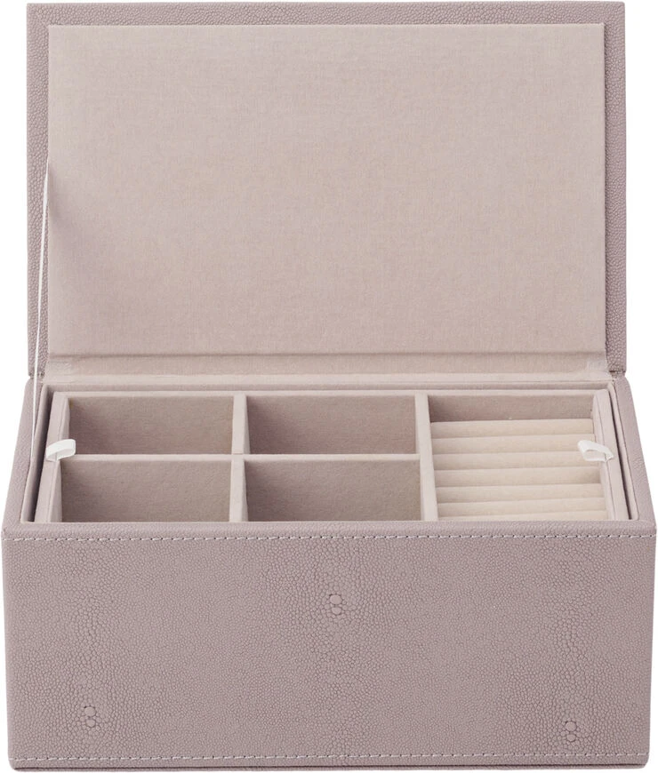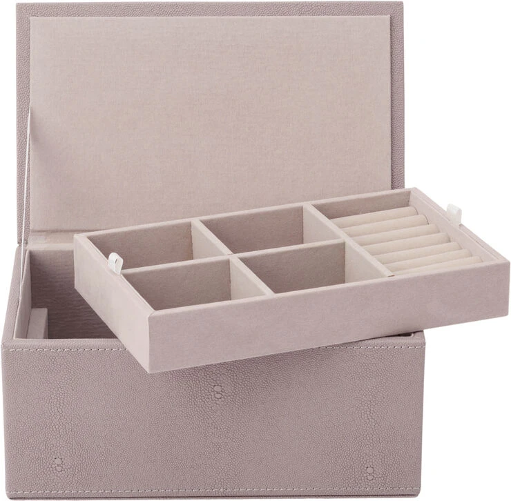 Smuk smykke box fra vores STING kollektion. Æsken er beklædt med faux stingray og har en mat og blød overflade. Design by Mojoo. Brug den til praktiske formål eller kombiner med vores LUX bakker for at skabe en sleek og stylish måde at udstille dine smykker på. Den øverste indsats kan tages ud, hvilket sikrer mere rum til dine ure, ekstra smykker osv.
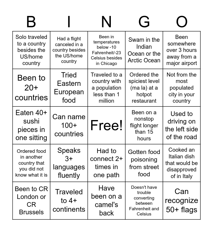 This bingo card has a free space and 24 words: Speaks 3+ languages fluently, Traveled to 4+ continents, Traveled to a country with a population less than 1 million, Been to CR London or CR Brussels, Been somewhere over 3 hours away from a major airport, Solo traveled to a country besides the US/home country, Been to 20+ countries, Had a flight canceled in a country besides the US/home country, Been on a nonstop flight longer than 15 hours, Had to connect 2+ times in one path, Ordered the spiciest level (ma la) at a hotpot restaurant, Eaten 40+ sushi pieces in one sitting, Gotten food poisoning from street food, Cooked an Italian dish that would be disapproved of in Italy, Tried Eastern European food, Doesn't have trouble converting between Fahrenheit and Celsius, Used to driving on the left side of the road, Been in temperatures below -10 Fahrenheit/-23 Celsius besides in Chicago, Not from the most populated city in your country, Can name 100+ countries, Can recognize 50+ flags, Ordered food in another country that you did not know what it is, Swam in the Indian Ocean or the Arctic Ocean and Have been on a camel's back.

+++

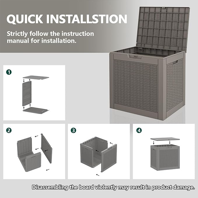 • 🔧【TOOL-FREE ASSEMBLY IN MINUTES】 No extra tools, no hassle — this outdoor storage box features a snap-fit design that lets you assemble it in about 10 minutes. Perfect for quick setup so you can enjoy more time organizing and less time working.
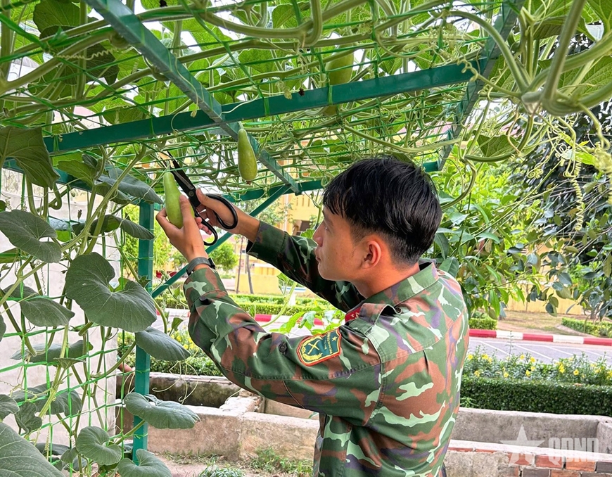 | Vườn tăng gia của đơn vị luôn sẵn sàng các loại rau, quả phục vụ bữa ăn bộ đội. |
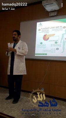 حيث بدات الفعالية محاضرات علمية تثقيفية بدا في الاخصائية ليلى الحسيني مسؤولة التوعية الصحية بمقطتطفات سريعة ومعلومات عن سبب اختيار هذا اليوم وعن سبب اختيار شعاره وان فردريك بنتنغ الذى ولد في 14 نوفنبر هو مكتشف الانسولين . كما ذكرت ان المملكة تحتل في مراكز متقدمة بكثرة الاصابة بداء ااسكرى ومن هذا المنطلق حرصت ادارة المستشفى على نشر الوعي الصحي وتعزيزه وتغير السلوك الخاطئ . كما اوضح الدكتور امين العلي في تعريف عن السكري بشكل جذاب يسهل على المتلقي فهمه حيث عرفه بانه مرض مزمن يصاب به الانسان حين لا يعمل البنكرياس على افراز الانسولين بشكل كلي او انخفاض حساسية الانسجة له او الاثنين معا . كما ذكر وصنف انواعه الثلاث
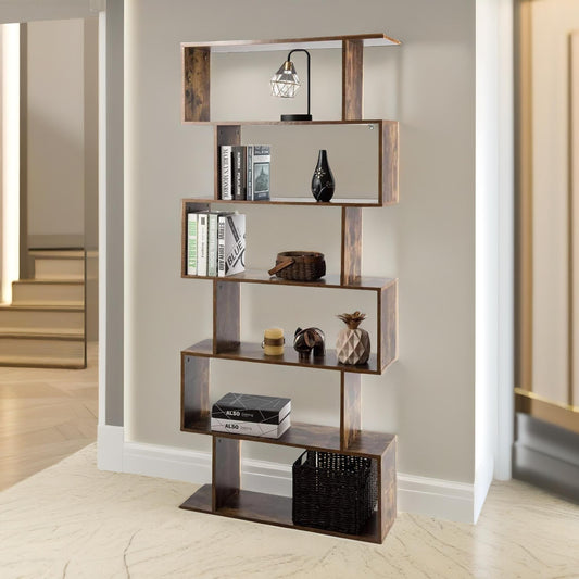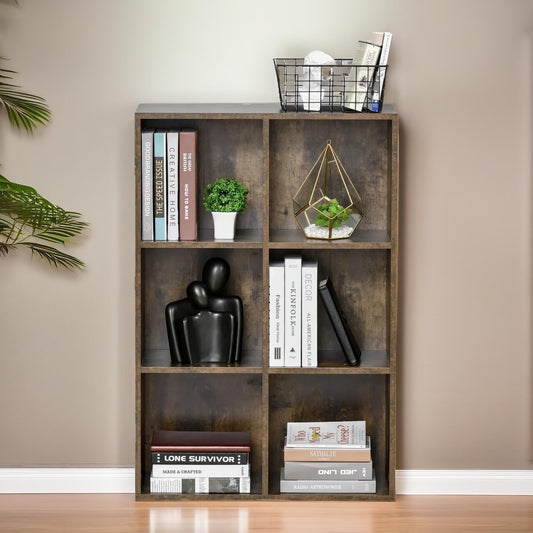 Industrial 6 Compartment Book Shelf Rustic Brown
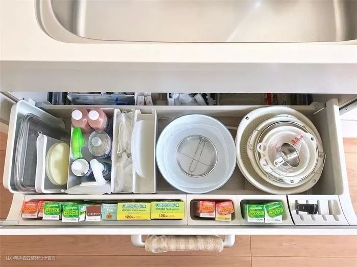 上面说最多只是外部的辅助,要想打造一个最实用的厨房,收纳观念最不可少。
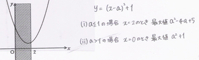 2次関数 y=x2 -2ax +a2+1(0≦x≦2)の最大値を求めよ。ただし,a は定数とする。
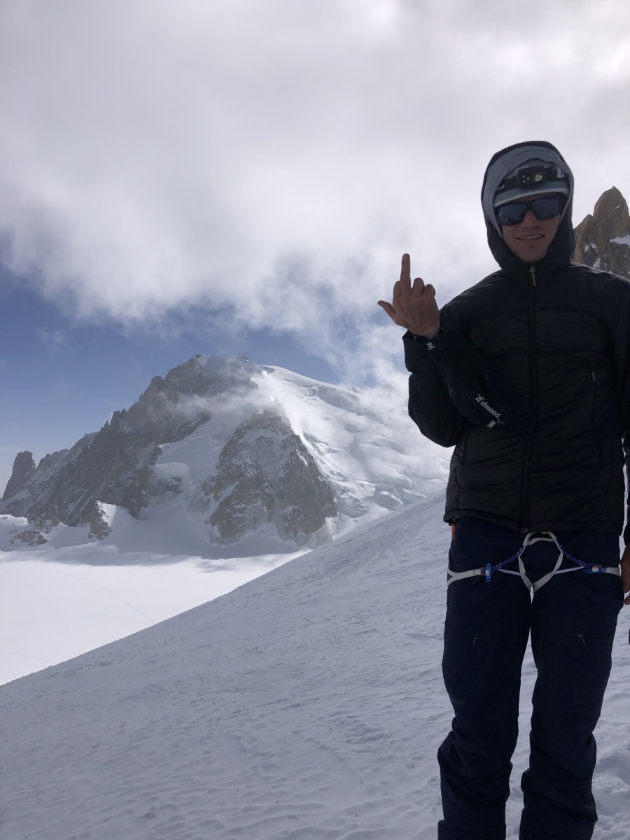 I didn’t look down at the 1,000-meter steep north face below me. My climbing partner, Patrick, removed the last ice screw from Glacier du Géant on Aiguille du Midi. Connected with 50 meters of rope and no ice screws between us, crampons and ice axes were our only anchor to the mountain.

+++

What you will do:
Nothing but the lines from the one with "ăn bộ đội. |" to the one with "I didn’t look" above, both included, should be transcribed, exactly and without pictures.

Exercise output:
 | Vườn tăng gia của đơn vị luôn sẵn sàng các loại rau, quả phục vụ bữa ăn bộ đội. |
 حيث بدات الفعالية محاضرات علمية تثقيفية بدا في الاخصائية ليلى الحسيني مسؤولة التوعية الصحية بمقطتطفات سريعة ومعلومات عن سبب اختيار هذا اليوم وعن سبب اختيار شعاره وان فردريك بنتنغ الذى ولد في 14 نوفنبر هو مكتشف الانسولين . كما ذكرت ان المملكة تحتل في مراكز متقدمة بكثرة الاصابة بداء ااسكرى ومن هذا المنطلق حرصت ادارة المستشفى على نشر الوعي الصحي وتعزيزه وتغير السلوك الخاطئ . كما اوضح الدكتور امين العلي في تعريف عن السكري بشكل جذاب يسهل على المتلقي فهمه حيث عرفه بانه مرض مزمن يصاب به الانسان حين لا يعمل البنكرياس على افراز الانسولين بشكل كلي او انخفاض حساسية الانسجة له او الاثنين معا . كما ذكر وصنف انواعه الثلاث
 Industrial 6 Compartment Book Shelf Rustic Brown
 上面说最多只是外部的辅助,要想打造一个最实用的厨房,收纳观念最不可少。
 2次関数 y=x2 -2ax +a2+1(0≦x≦2)の最大値を求めよ。ただし,a は定数とする。
 I didn’t look down at the 1,000-meter steep north face below me. My climbing partner, Patrick, removed the last ice screw from Glacier du Géant on Aiguille du Midi. Connected with 50 meters of rope and no ice screws between us, crampons and ice axes were our only anchor to the mountain.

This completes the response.